An access control model for a South African National Electronic Health Record System
- Authors: Tsegaye, Tamir Asrat
- Date: 2019
- Subjects: Medical records -- Data processing , Medical records -- Data processing -- Safety measures , Medical records -- Data processing -- South Africa , Medical records -- Data processing -- Access control , Medical informatics , Medical records -- Management -- South Africa , Health services administration -- South Africa
- Language: English
- Type: text , Thesis , Masters , MCom
- Identifier: http://hdl.handle.net/10962/97046 , vital:31390
- Description: Countries such as South Africa have attempted to leverage eHealth by digitising patients’ medical records with the ultimate goal of improving the delivery of healthcare. This involves the use of the Electronic Health Record (EHR) which is a longitudinal electronic record of a patient’s information. The EHR is comprised of all of the encounters that have been made at different health facilities. In the national context, the EHR is also known as a national EHR which enables the sharing of patient information between points of care. Despite this, the realisation of a national EHR system puts patients' EHRs at risk. This is because patients’ information, which was once only available at local health facilities in the form of paper-based records, can be accessed anywhere within the country as a national EHR. This results in security and privacy issues since patients’ EHRs are shared with an increasing number of parties who are geographically distributed.
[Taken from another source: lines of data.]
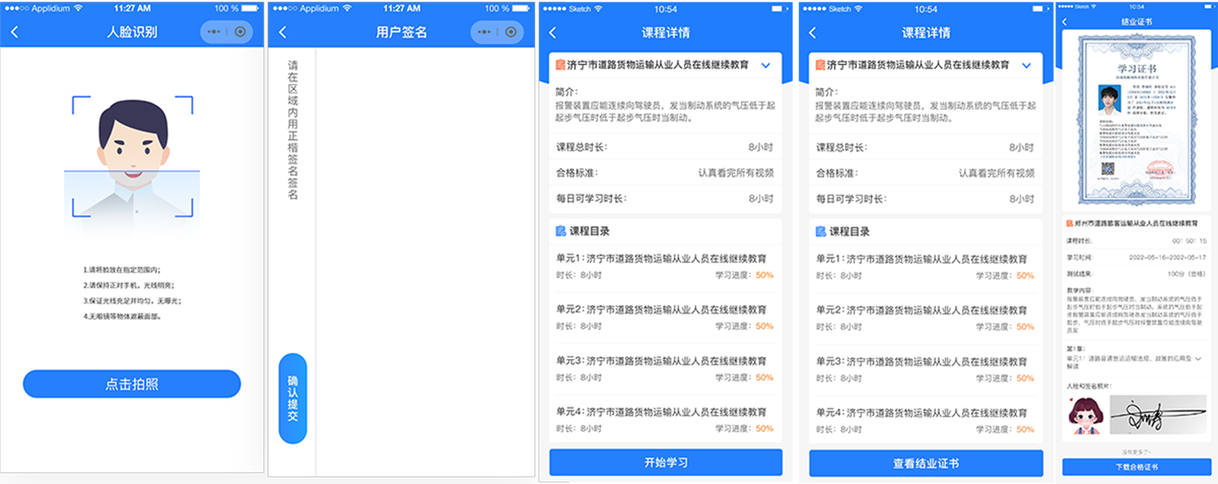 6.在开始学习之前需要人脸识别和用户签名,完成认证之后 即可学习。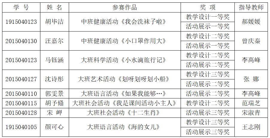 “华文”师范院校学前教育师范生教学能力测试与交流展示活动是目前学前教育领域规模最大、参与高校最多、影响最广的师范生教学技能测试活动,旨在为全国师范生提供一个教学能力展示和交流的平台。经过赛前认真的准备与赛中激烈的比拼,公司参赛选手最终斩获一等奖3项,二等奖6项,三等奖4项。本次活动由范瑞芝、李高峰、郝媛媛三位教师带队,员工获奖名单如下。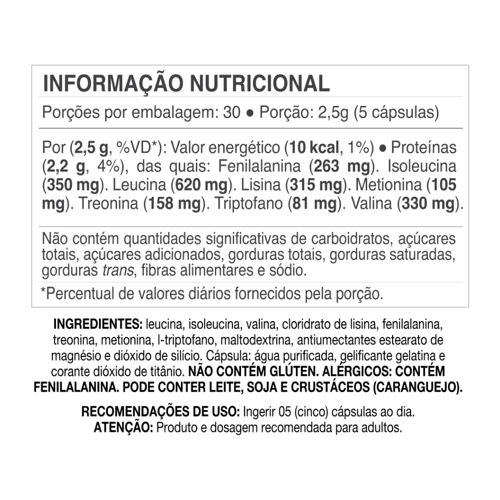 H50+ Doutor Nature Desenvolvido pelo Dr. Fausto Almeida, cada porção possui 8 Aminoácidos Essenciais: Leucina, Isoleucina, Lisina, Valina, Fenilalanina, Treonina, Metionina e Triptofano. Fórmula em cápsulas, sem glúten, pensada para quem valoriza vitalidade e qualidade de vida em todas as fases da vida. O que é O Nature H50+ é um suplemento alimentar em cápsulas com fórmula exclusiva de 8 aminoácidos essenciais. Cada pote traz 150 cápsulas, equivalentes a 30 porções práticas para o dia a dia. Em cada porção, são 2,2 g de aminoácidos em perfil balanceado, pensado para oferecer suporte nutricional de qualidade em uma rotina ativa e madura. Destaques do produto 2,2 g de aminoácidos essenciais por porção Fórmula completa com 8 aminoácidos essenciais Embalagem com 150 cápsulas (30 porções) Sem glúten Linha H50+ - Original Doutor Nature Fórmula desenvolvida em parceria com o Dr. Fausto Almeida Como consumir Conforme instruções do rótulo: ingerir 5 cápsulas ao dia, com água. Informação nutricional (porção de 2,5g) Proteínas: 2,2 g (4% VD) Leuci na: 620 mg Isoleucina: 350 mg Lisina: 315 mg Valina: 330 mg Fenilalanina: 263 mg Treonina: 158 mg Metionina: 105 mg Triptofano: 81 mg Valor energético: 10 kcal (1% VD) Não contém quantidades significativas de carboidratos, açúcares, gorduras totais, gorduras saturadas, gorduras trans, fibras alimentares e sódio. Avisos importantes Produto destinado a adultos (idade mínima recomendada: 19 anos) Não é medicamento Não trata, previne ou cura doenças Siga a dosagem recomendada no rótulo Conserve em local seco, fresco e protegido da luz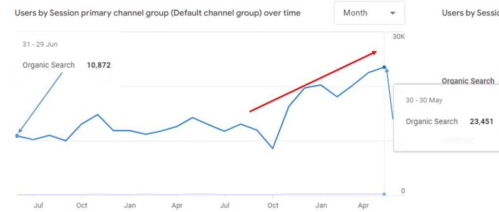 אנחנו עובדים, אנחנו למודי ניסיון (וממשיכים ללמוד) בעולם האיקומרס. כך נראה גרף תנועה אורגנית לאתר איקומרס מחודש יוני 2023 ועד חודש מאי 2024

This study proposes an access control model that will address the security and privacy issues by providing the right level of secure access to authorised clinicians. The proposed model is based on a combination of Role-Based Access Control (RBAC) and Attribute-Based Access Control (ABAC). The study found that RBAC is the most common access control model that is used within the healthcare domain where users’ job functions are based on roles. While RBAC is not able to handle dynamic events such as emergencies, the proposed model’s use of ABAC addresses this limitation. The development of the proposed model followed the design science research paradigm and was informed by the results of the content analysis plus an expert review. The content analysis sample was retrieved by conducting a systematic literature review and the analysis of this sample resulted in 6743 tags. The proposed model was evaluated using an evaluation framework via an expert review.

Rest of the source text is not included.